When a day that you happen to know is Wednesday starts off
by sounding like Sunday, there is something seriously wrong somewhere.

I felt that from the moment I woke. And yet, when I started
functioning a little more smartly, I became doubtful. After all, the odds were
that it was I who was wrong, and not everyone else—though I did not see how
that could be. I went on waiting, tinged with doubt. But presently I had my
first bit of objective evidence—a distant clock stuck what sounded to me just
like eight. I listened hard and suspiciously. Soon another clock began, on a
hard, decisive note. In a leisurely fashion it gave an indisputable eight. Then
I
knew
things were awry.

The way I came to miss the end of the world—well, the end of
the world I had known for close on thirty years—was sheer accident: like a lot
of survival, when you come to think of it. In the nature of things a good many
somebodies are always in hospital, and the law of averages had picked on me to
be one of them a week or so before. It might just as easily have been the week
before that—in which case I’d not be writing now: I’d not be here at all. But
chance played it not only that I should be in hospital at that particular time,
but that my eyes, and indeed my whole head, should be wreathed in bandages—and
that’s why I have to be grateful to whoever orders these averages. At the time,
however, I was only peevish, wondering what in thunder went on, for
I
had
been in the place long enough to know that, next to the matron, the clock is
the most sacred thing in a hospital.

Without a clock the place simply couldn’t work. Each second
there’s someone consulting it on births, deaths, doses, meals, lights, talking,
working, sleeping, resting, visiting, dressing, washing—and hitherto it had
decreed that someone should begin to wash and tidy me up at exactly three
minutes after 7 A.M. That was one of the best reasons I had for
appreciating a private room. In a public ward the messy proceeding would have
taken place a whole unnecessary hour earlier. But here, today, clocks of
varying reliability were continuing to strike eight in all directions—and still
nobody had shown up.

Much as I disliked the sponging process, and useless as it
had been to suggest that the help of a guiding hand as far as the bathroom
could eliminate it, its failure to occur was highly disconcerting. Besides, it
was normally a close forerunner of breakfast, and I was feeling hungry.

Probably I would have been aggrieved about it any morning,
but today, this Wednesday, May 8, was an occasion of particular personal
importance. I was doubly anxious to get all the fuss and routine over because
this was the day they were going to take off my bandages.

I groped around a bit to find the bell push and let them
have a full five seconds’ clatter, just to show what I was thinking of them.
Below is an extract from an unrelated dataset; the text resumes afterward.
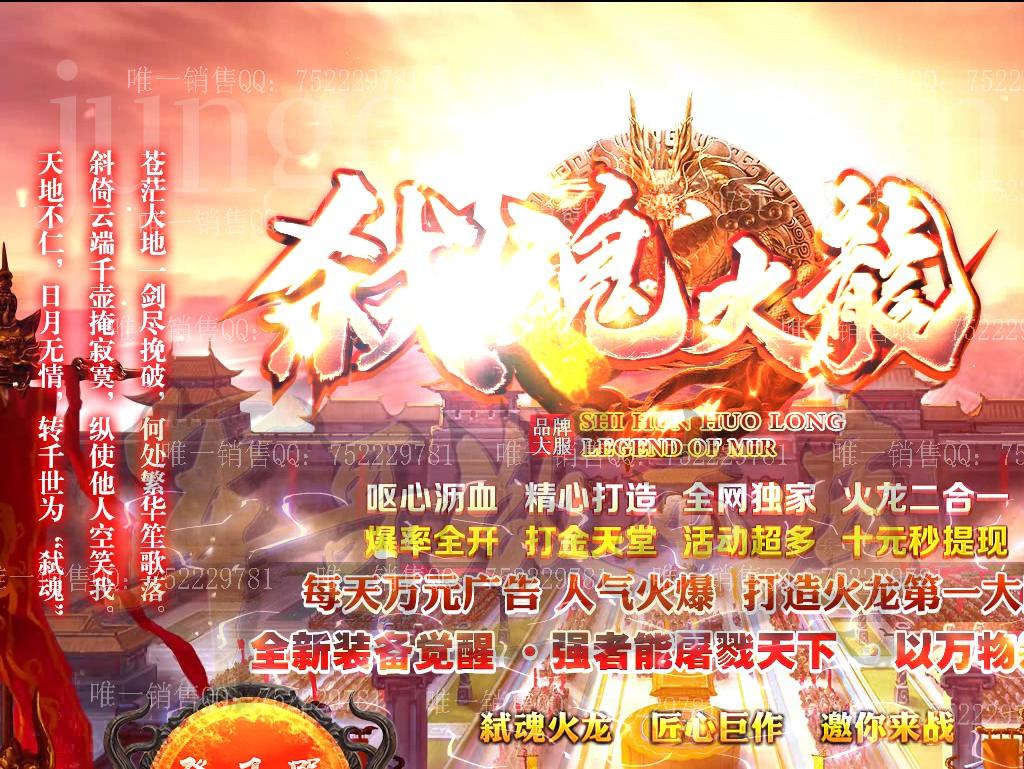 【游戏简介】:弑魂火龙 盛大授权 公司运营 品牌保障 天堂 永不跑路 【游戏简介】:2020独家巨制,全新版本,匠心之作,巨资广告,只赚人气! 【游戏简介】:本服不卖任何物品,地图免费进,全天激情嗨掉你小命 【游戏简介】:本服装备就是,只要肯花时间,绝对玩的开心+赚钱多多! 【游戏简介】:活动超多,赞助免费领,限时奖励内容丰富,等你体验! 【游戏简介】:本服爆率全开,只要有时间,不花钱一样能终极! 【游戏简介】:客服免费担保,铲除了骗子的生存土壤,让你玩得开心,卖得放心!! 【关于新区】:11:00一区,14:00二区,17:00三区,20:00四区,提前60分钟开放测试区! 【元宝比例】:1:2000元宝 网银1:4000 1:1充值 回收1:0.9今日新区及时开区 【关于拿沙】:新区开区第2天下午合区晚上拿沙。奖励沙城捐献+200W元宝2W弑魂币 【关于封挂】:重金定制GK封挂系统,杜绝一切外挂、加速、辅助,打造绿色公平游戏! 【关于封挂】:重金定制GK封挂系统,杜绝一切外挂、加速、辅助,打造绿色公平游戏 ============================================================

While I was waiting for the pretty short-tempered response
that such a peal ought to bring, I went on listening.

The day outside, I realized now, was sounding even more
wrong than I had thought. The noises it made, or failed to make, were more like
Sunday than Sunday itself—and I’d come round again to being absolutely assured
that it
was
Wednesday, whatever else had happened to it.

Why the founders of St. Merryn’s Hospital chose to erect
their institution at a main-road crossing upon a valuable office site, and
thus expose their patients’ nerves to constant laceration, is a foible that I
never properly understood. But for those fortunate enough to be suffering from
complaints unaffected by the wear and tear of continuous traffic, it did have
the advantage that one could lie abed and still not be out of touch, so to
speak, with the flow of life. Customarily the west-bound busses thundered along
trying to beat the lights at the corner; as often as not a pig-squeal of brakes
and a salvo of shots from the silencer would tell that they hadn’t. Then the
released cross traffic would rev and roar as it started up the incline. And
every now and then there would be an interlude: a good grinding bump, followed
by a general stoppage—exceedingly tantalizing to one in my condition, where the
extent of the contretemps had to be judged entirely by the degree of profanity
resulting. Certainly, neither by day nor during most of the night, was there
any chance of a St. Merryn patient being under the impression that the common
round had stopped just because he, personally, was on the shelf for the moment.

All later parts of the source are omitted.